When using hidden Markov models for speech recognition, it is usually assumed that the probability that a particular acoustic vector is emitted at a given time only depends on the current state and the current acoustic vector observed. This model does not take account of the dynamic nature of the speech signal. In order to introduce time correlation between successive acoustic vectors, some authors have proposed to consider the time series of observations on a state to be generated by a nonlinear deterministic process corrupted by a Gaussian additive noise. This results in the introduction of the prediction error in the likelihood function.
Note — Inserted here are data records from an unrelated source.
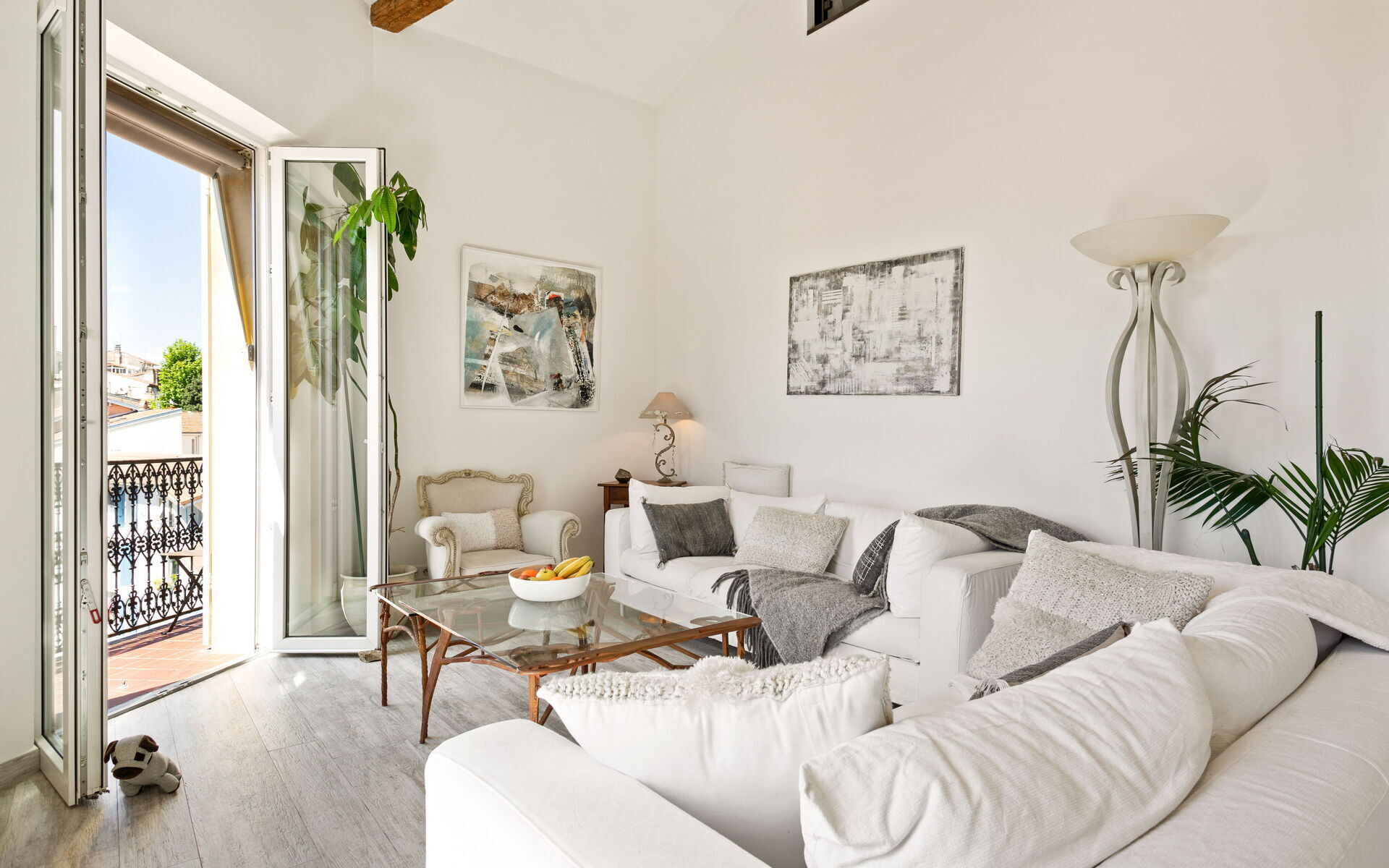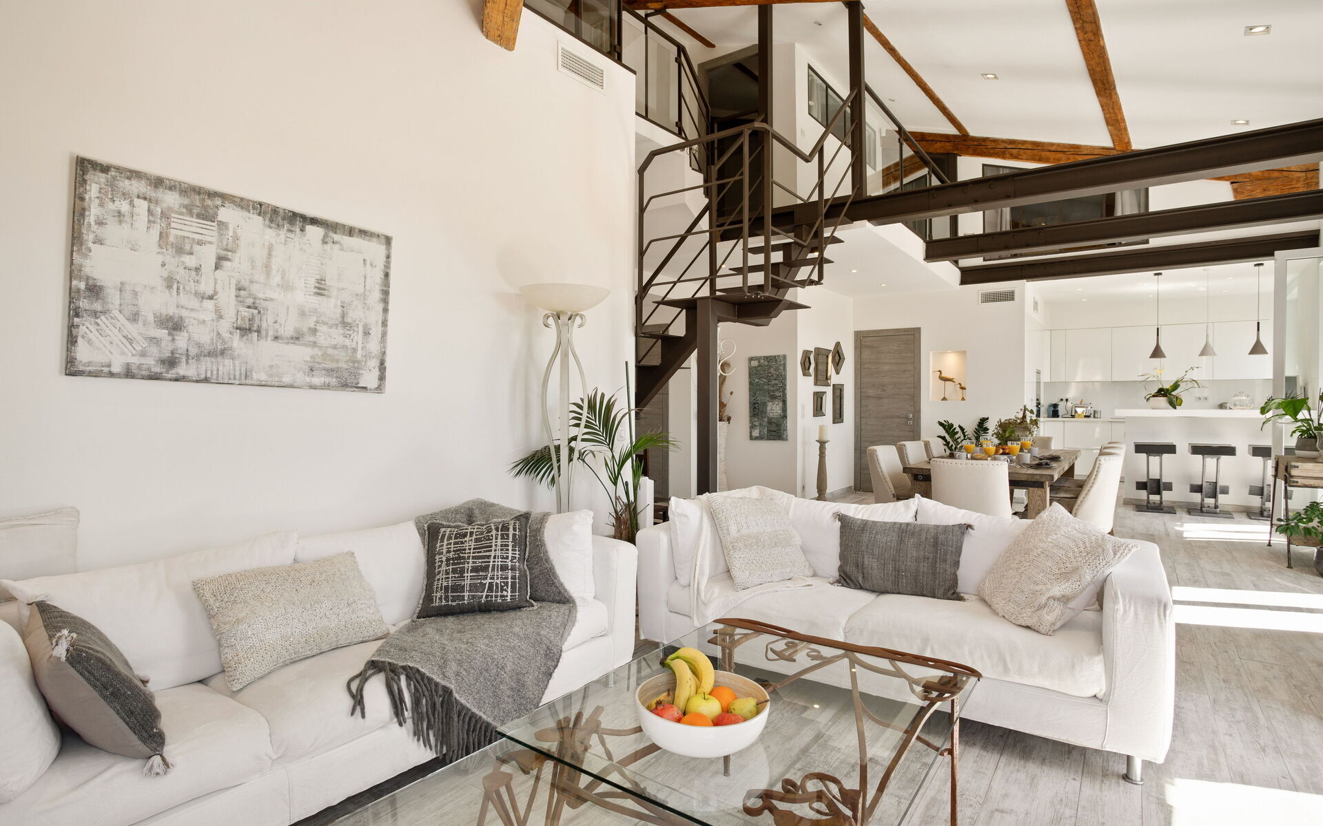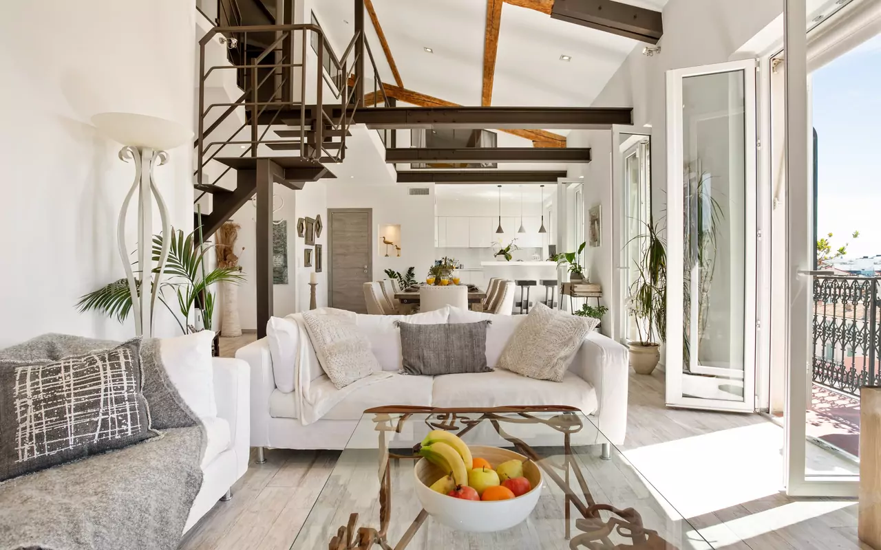 You'll be in awe of the gorgeous view from this duplex apartment in Cannes, a light-filled, loft-like space with a commanding position overlooking the surrounding city. Step outside onto the balcony with your morning coffee or an evening glass of wine, come home each afternoon to such comforts as air conditioning and a washer/dryer, and enjoy easy walking access to beaches, the port, and the Palais des Festivals.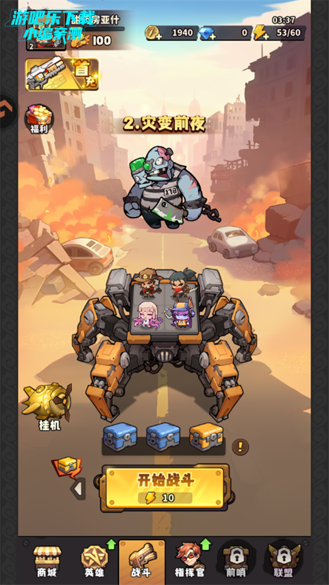 1、打开出征吧勇士手游,点击开始战斗,每次战斗需要消耗电量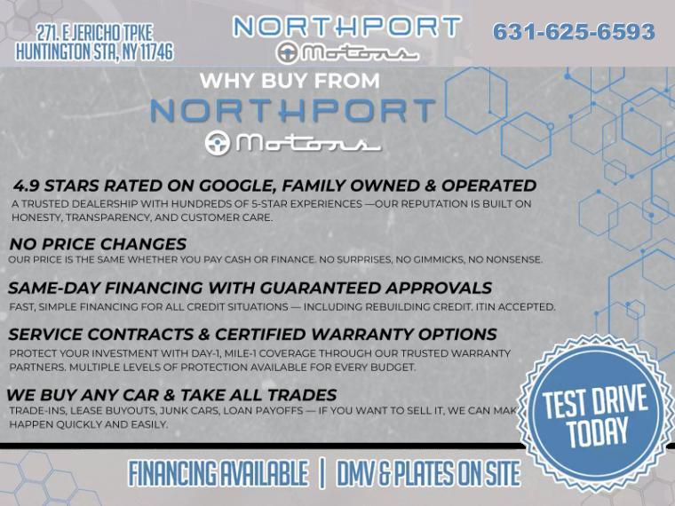 Disclaimer: All prices on used cars exclude the cost of vehicle registration, title, fees and taxes. Neither Northport Motors nor Long Island Used Cars is responsible for typographical errors or misprints. All information should be double checked with dealer including pricing and availability. Additionally, some states require dealers to notify consumers that all vehicles may be subject to open recall(s). Vehicles can be checked for open recalls by visiting www.SaferCar.gov or www.nhtsa.gov/recalls. Vehicles are subject to prior sale and may no longer be available. Please check with the seller for more information. You can check for recall status with this RECALL STATUS LINK.

In this paper, we review the basic ideas underlying these models. Thereafter, we briefly introduce an extension of the linear case, i.e. we permit the autoregressive coefficients to be corrupted by noise. Indeed, when working at the speech samples level, this is a simple way to take the intra and inter speaker variability into account; that is, to allow variability in the transfer function. In fact, this is what we are doing when extracting LPC coefficients and clustering them with Gaussian distributions. The advantage here is that we directly introduce the variability at the sample level. This leads to processes that are known as AutoRegressive Conditional Heteroscedastic (ARCH) processes, with nonconstant variances conditional on the past.
Keywords: Hidden Markov models, autoregressive models.
Bibliographic reference. Aerens, Marco S. / Bourlard, Hervé (1993): "Linear and nonlinear prediction for speech recognition with hidden Markov models", In EUROSPEECH'93, 807-810.